Initially our biggest challenge was living halfway across the country from one another during our first year of engagement. Ashley started her Pediatric residency at Northwestern in Chicago, while Mike finished his final year of medical school in Philadelphia. We considered ourselves lucky if we could see each other once a month. Thankfully Mike was able to match in Chicago at Northwestern as well, so were able to live together during the remainder of our training. However there were months when our schedules were so opposite that we saw each other less often than when we lived in different cities.
 
Overall, though, there are many more benefits of being married to another physician. We understand the stresses and demands of each other’s jobs, as well as the rewards. We are able to share meaningful experiences and ask each other clinical questions. Sometimes we even share patients!
 
We love traveling. Our current goal is to travel outside of the country in addition to visiting a National Park each year. We also enjoy outdoor activities – hiking, biking (leisurely), skiing, kayaking, playing volleyball, etc. One of our most memorable experiences was hiking Mount Kilimanjaro in Tanzania. It’s good we like being active, because we also love to eat. We love trying new local restaurants, as well as restaurants in Philadelphia and everywhere we travel. We also love spending time with family and friends, going to the beach and relaxing by playing cards or watching shows (Our current obsession is “The Blacklist.”).
 



Jesse Main, Psy.D., and Dr. Catherine Main with their children, Sophia, Eleanor and Henry

Catherine L. Main, M.D., LG Health Physicians Family Medicine Strasburg, and Jesse M. Main, Psy.D., Postdoctoral Resident, LG Health Physicians Neuropsychology

We met 15 years ago, while working at El Serrano Restaurant here in Lancaster. We quickly learned that we had similar goals, interests and passions, and started dating soon thereafter. We have now been married almost 10 years and have three wonderful children, Sophia (6), Henry (3) and Eleanor (10 months).
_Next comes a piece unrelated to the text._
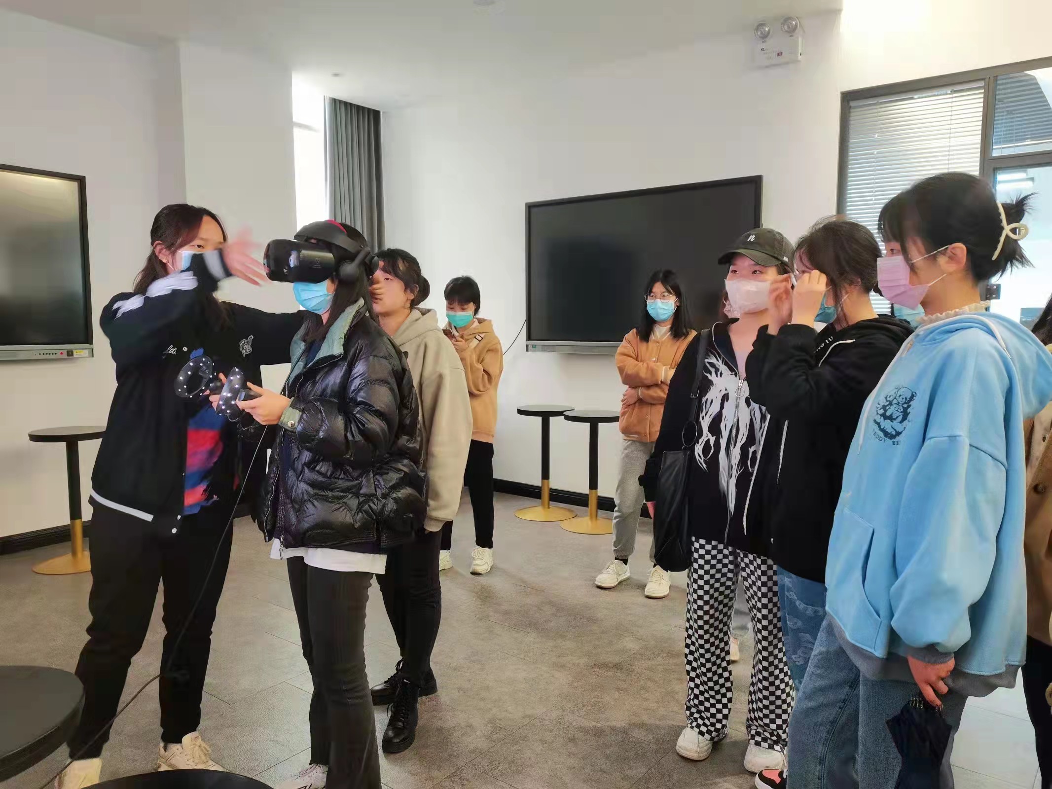 为拓宽学生视野,了解人工智能如何为我们的生活服务,11月1日下午,英语师范学院·九州娱乐官网 2019、2020级共50余名同学在2020级辅导员晁梦雨老师的带领下前往我校丝路青年众创空间进行参观。
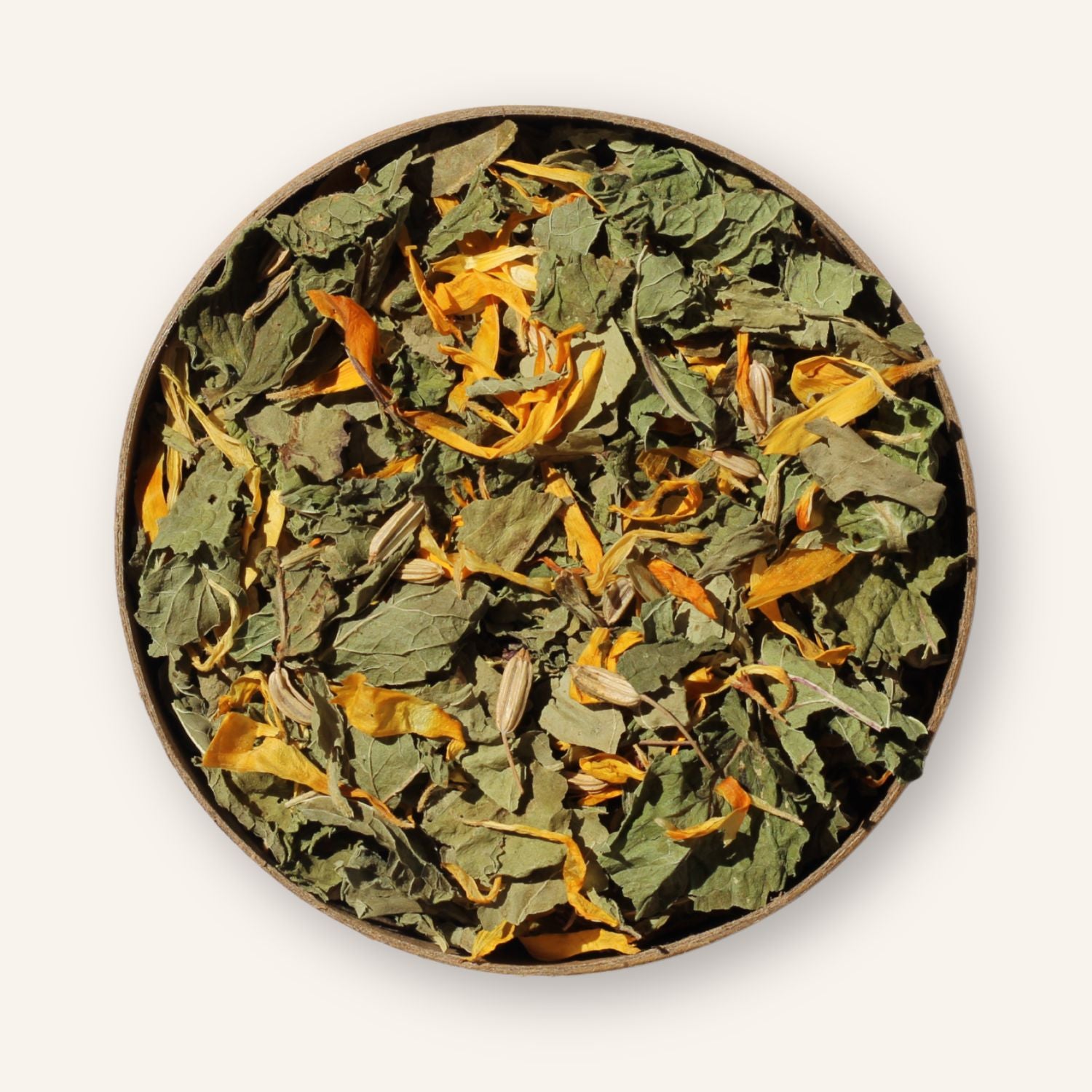 Menthe verte*, graine de fenouil*, pissenlit*, fleurs de souci*

Our lives are beautifully chaotic at times, and we wouldn’t have it any other way!
 
From undergraduate, master’s and doctoral programs to the rigors of our respective residencies, we have been through many trying seasons thus far. The greatest challenge through all of it has always been establishing a healthy work/life balance. Given the demands of our careers, managing this balance continues today. To address this challenge, we try to remain intentional in nurturing our marriage and our relationships with our children. The balancing act is delicate and difficult at times, but the payoff has been well worth it.
 
Navigating parenthood with intention affords us the opportunity to explore new fun places with our children. We also like to sneak away on dates whenever possible, take in the wonderful Lancaster restaurant scene or engage in good conversation with great friends. Exercise has always been a priority for us, so we like to stay active and engage in these activities together when possible.  Looking forward, we have always enjoyed traveling and will certainly do more of this as our kiddos get older and can tolerate more travel time.